In a statement posted on its Web site, the Kurdistan Regional Government said it would reject the latest text if it made "material and substantive changes" to the outline agreed upon during weeks of protracted negotiations.

"We have not seen the final text of the law that the Iraqi Cabinet says it will put to parliament," the statement said. "We hope that the Cabinet is not approving a text with which the [Kurdish administration] disagrees because this would violate the constitutional rights of the Kurdistan region."

The Kurds control 53 of the 275 seats -- not enough to defeat the measure on its own but enough to stall approval.

Only 24 of the Cabinet's 37 members were present for the vote because of boycotts by ministers from the Sunni Iraqi Accordance Front and the Shiite bloc loyal to anti-American cleric Muqtada al-Sadr. Both groups have separate political disputes with al-Maliki.

Nevertheless, government officials expressed confidence that parliament would approve the measure.

Al-Dabbagh said Cabinet approval came after amendments prompted by the Accordance Front, but he gave no details.

The bill is part of a package of legislation that would establish rules for exploiting Iraq's vast oil wealth and provide a formula for distributing revenues among the 18 provinces. Iraq's proven oil reserves have been estimated at 115 billion barrels -- second-largest in OPEC after Saudi Arabia.

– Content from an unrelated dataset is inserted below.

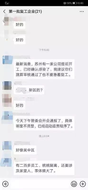 2月10日,一张群聊天记录截图在网上和朋友圈被转发:“最新消息,苏州有一家公司提前开工,已经确认感染了……有200多员工,统统隔离……”引起市民诸多恐慌。

Some petroleum experts believe the real figure is even higher because Iraq lagged behind other countries in using modern surveying technology during the years of international sanctions under Saddam Hussein.

Production has fallen from 3.5 million barrels a day to 2 million since the U.S. invasion because of security problems, especially in the northern fields. The bill is aimed at encouraging international investments to modernize the fields.